La capra  Il poeta incontra per caso una capra solitaria ed in essa vede l’essere umano, destinato per tutta la vita a stare solo; per quanto una
persona si possa considerare parte di una famiglia, questa rimarrà per sempre isolata. L’uomo, sin dai tempi, cerca di attaccarsi agli affetti per
nascondere il fatto di essere solo.

 Nell’opera la capra “legata” indica il condizionamento sociale a cui l’uomo è legato indissolubilmente.
 La capra “sazia d’erba” rappresenta come la società porti l’uomo a sopravvivere e quindi come lo sfami e lo sazi.

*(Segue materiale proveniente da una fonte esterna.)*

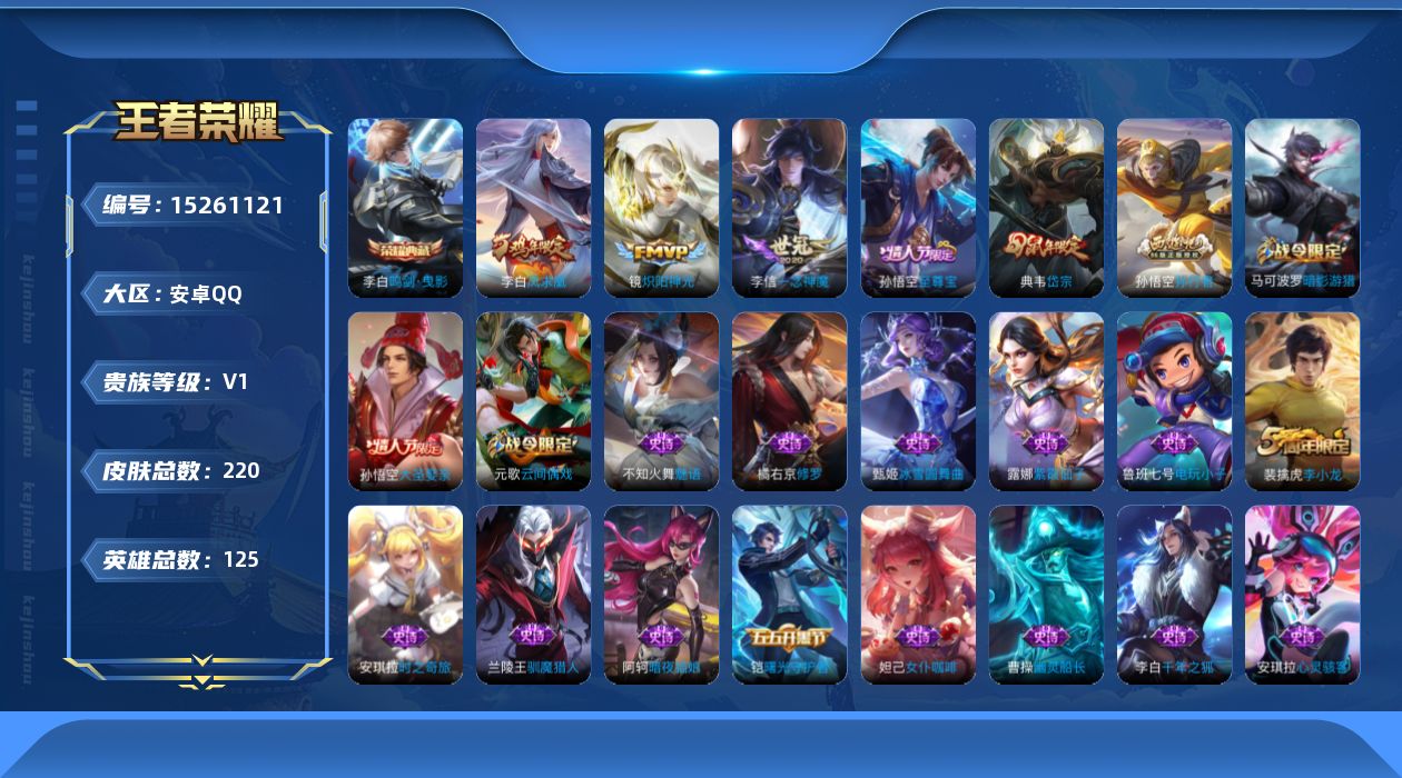[15261121]【店主推荐捡漏号!可直接换绑】安卓Q-V7-最强王者段位-125英雄-220皮肤-1典藏-4传说-65史诗 【荣耀典藏】:李白鸣剑曳影 【传说皮肤】:后羿神树通天,镜炽阳神光,李信一念神魔,李白凤求凰 【限定皮肤】:白起狰,姜子牙天穹之誓,狄仁杰阴阳师,虞姬凯尔特女王,赵云皇家上将,墨子神迹守卫,孙尚香蔷薇恋人,鲁班七号狮舞东方,庄周高山流水,高渐离死亡摇滚,阿轲迷踪丽影,钟无艳王者之锤,扁鹊炼金王,芈月重明,周瑜赤莲之焰,元歌云间偶戏,夏侯惇朔风刀,甄姬游园惊梦,曹操烛龙,典韦穷奇,典韦岱宗,马可波罗暗影游猎,狄仁杰魔术师,狄仁杰万华元夜,达摩星际陆战队,达摩沙漠行僧,项羽海滩派对,老夫子醍醐杖,老夫子航海奇遇记,程咬金演武夺筹,刘邦夺宝奇兵,兰陵王驯魔猎人,兰陵王金庭之子,亚瑟潮玩骑士王,孙悟空至尊宝,孙悟空大圣娶亲,孙悟空孙行者,牛魔御旌,李元芳银河之约,李元芳云中旅人,钟馗神迹守卫,钟馗驱傩正仪,雅典娜单词大作战,雅典娜黎明之约,蔡文姬繁星吟游,鬼谷子原初探秘者,苏烈千军破阵,百里玄策原初追逐者,弈星混沌棋,梦奇顽趣,沈梦溪星空之诺,沈梦溪大漠名商,明世隐疑决卦,裴擒虎李小龙,裴擒虎擒涛扼浪,狂铁御狮,米莱狄御霄,米莱狄胡桃异想国,云中君纤云弄巧,盾山御銮,猪八戒西部大镖客,上官婉儿梁祝,蒙犽狂想玩偶喵,鲁班大师探海日志,桑启海盐诗旅,艾琳女武神,张良古海寻踪,鬼谷子天穹祈灯 【年限皮肤】:李白凤求凰,典韦岱宗 【赛季限定】:扁鹊炼金王,白起狰,芈月重明,夏侯惇朔风刀,曹操烛龙,典韦穷奇,狄仁杰万华元夜,达摩沙漠行僧,老夫子醍醐杖,程咬金演武夺筹,兰陵王金庭之子,张良古海寻踪,牛魔御旌,李元芳云中旅人,虞姬凯尔特女王,钟馗驱傩正仪,雅典娜黎明之约,鬼谷子原初探秘者,苏烈千军破阵,百里玄策原初追逐者,弈星混沌棋,梦奇顽趣,沈梦溪大漠名商,明世隐疑决卦,裴擒虎擒涛扼浪,狂铁御狮,米莱狄御霄,盾山御銮,鲁班大师探海日志,桑启海盐诗旅,鬼谷子天穹祈灯,姜子牙天穹之誓 【战令限定】:墨子神迹守卫,鲁班七号狮舞东方,阿轲迷踪丽影,周瑜赤莲之焰,元歌云间偶戏,马可波罗暗影游猎,达摩星际陆战队,老夫子航海奇遇记,刘邦夺宝奇兵,兰陵王驯魔猎人,亚瑟潮玩骑士王,李元芳银河之约,钟馗神迹守卫,雅典娜单词大作战,沈梦溪星空之诺,米莱狄胡桃异想国,猪八戒西部大镖客,蒙犽狂想玩偶喵
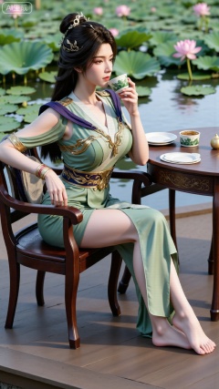 (masterpiece, best quality:1.2),1girl, solo, ornament, , breasts, no eye shadow, even lighting, Sitting, pavilion, Table, chair, drinking tea, Grasp Extremely gaiwan, side_view, very awa, room background,,(Stockings, high heels:1.29),(huge breasts:2.99),(full breasts:2.99),,(Background with lotus pond and pink lotus flowers:1.39),XbaifengsongyuYH,Xbigbreasts,XmengkeerXHY,XliuyuH,Xyuanyaohongyi,Xyuanyaoxizao,Xyuanyaomuyu,Xyuanyaohongqun,XhanyunzhiXM,Xzhaoxinmeng,XxinruyinXM
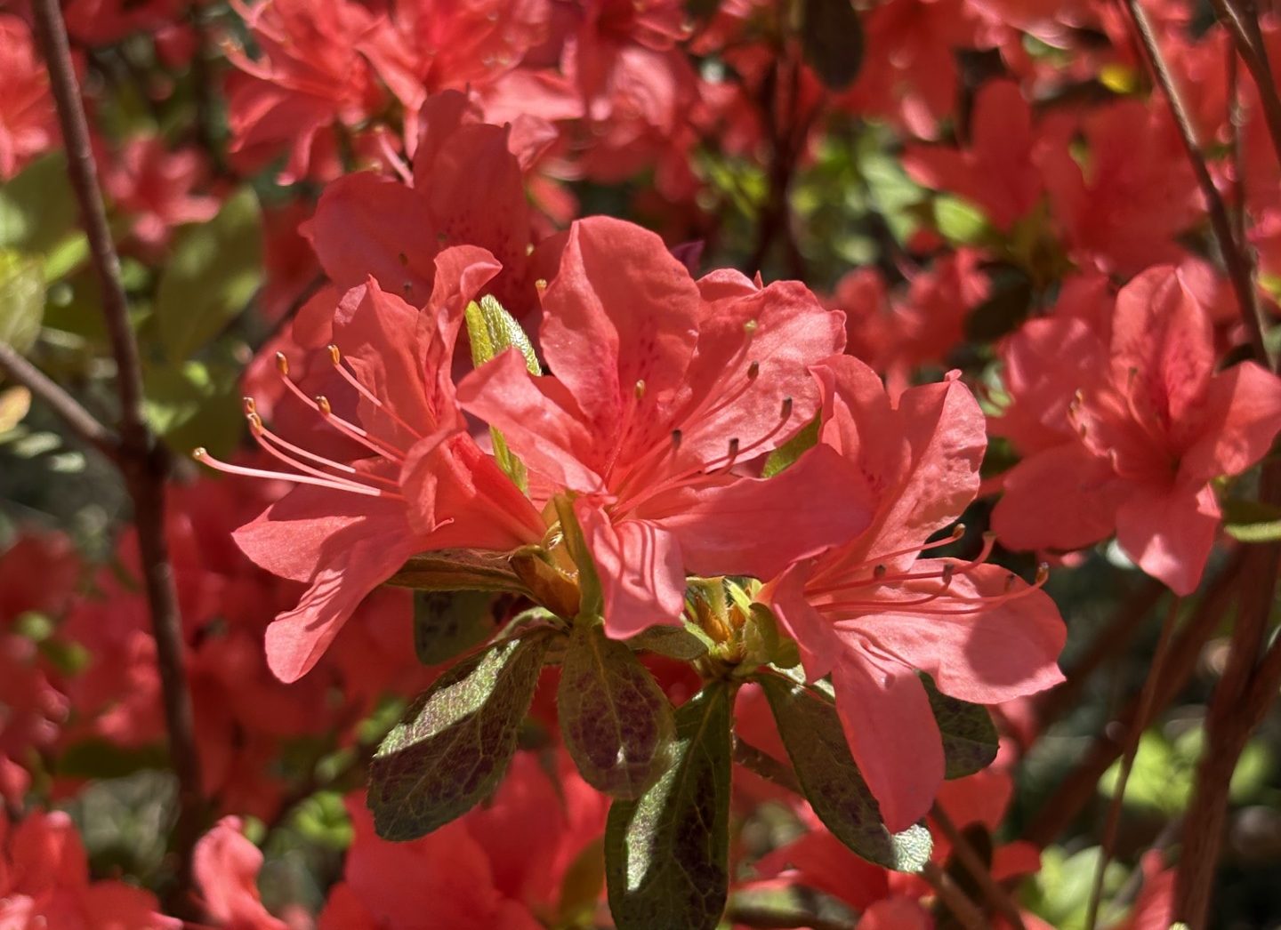 江戸キリシマ系の朱や紅、赤紫のつつじが

 “bagnata dalla pioggia”  uomo è pervaso da tutti i problemi che possono capitare nella vita
 “belava”  ricerca della libertà con tutti i rischi che ne comporta; l’uomo cerca di essere sé stesso e di lasciarsi andare.
 “una capra dal viso semita”  previsione dell’olocausto e delle difficoltà che dovranno affrontare gli ebrei.

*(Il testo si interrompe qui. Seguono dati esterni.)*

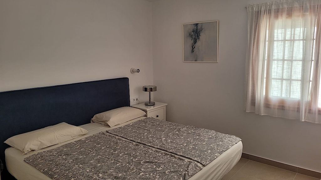Das Schlafzimmer ist mit einem Doppelbett (Breite: 1,80), einer Kommode und einem großen Einbauschrank ausgestattet. Eine weitere Schlafmöglichkeit befindet sich im Wohnzimmer.
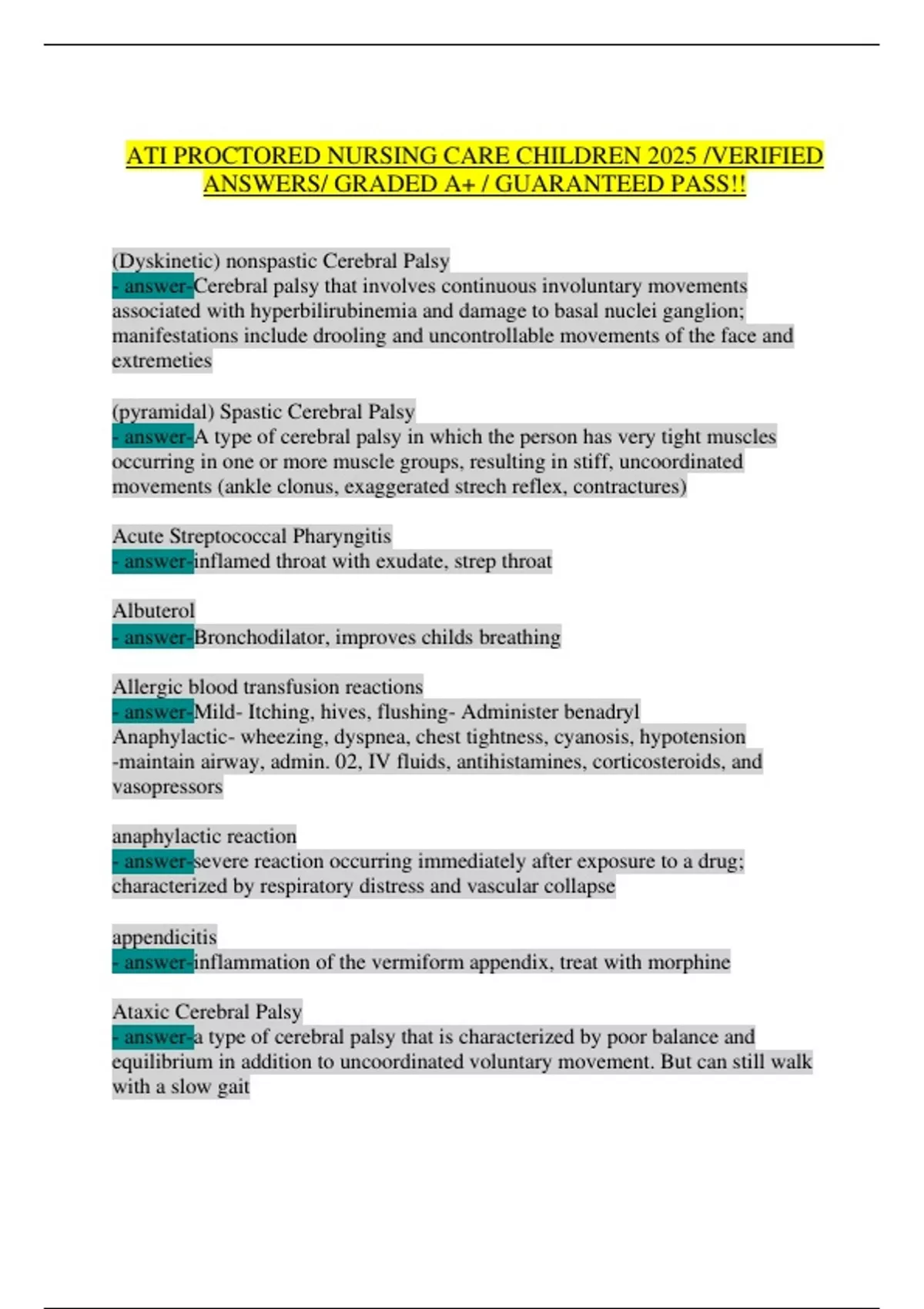 ANSWERS/ GRADED A+ / GUARANTEED PASS!!
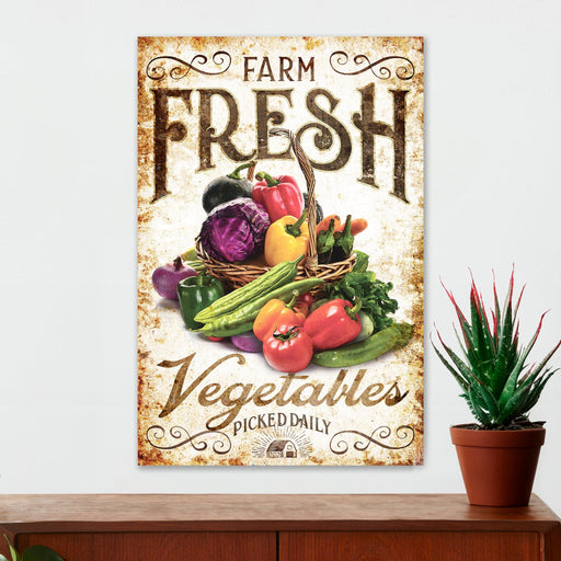 Farmhouse Kitchen Wall Decor - Farm Fresh (Vegetables) - Canvas Sign

A mia moglie  in questa opera Saba paragona la moglie alle femmine di alcuni animali, che possano meglio attribuirsi alla sua descrizione.
All’inizio paragona sua moglie alla gallina per il suo modo di camminare e per il tono di voce quando si lamentava. In seguito, la paragona ad
una giovenca gravida, la cui voce fa venir voglia di regalarle qualcosa per consolarla, ad una cagna fedele, che dietro agli occhi dolci nasconde
un’anima forte, ad una coniglia timorosa ed indifesa ed infine alla rondine per la grazia giovanile.

Saba utilizza questi animali sono simbolo di offesa, soprattutto se riferite a donne, ad esempio: la gallina è l’emblema della scarsa intelligenza, la
giovenca di scarsa bellezza, la cagna di scarsa pudicizia e la coniglia di scarso coraggio. Il poeta infatti con questa poesia vuole suscitare un po’
di scandalo e qualche risata, capovolgendo i valori negativi di questi paragoni ed attribuendo alle femmine degli animali una serie di virtù.

Animali lontani dal condizionamento sociale, riescono a farsi comprendere meglio dalle persone.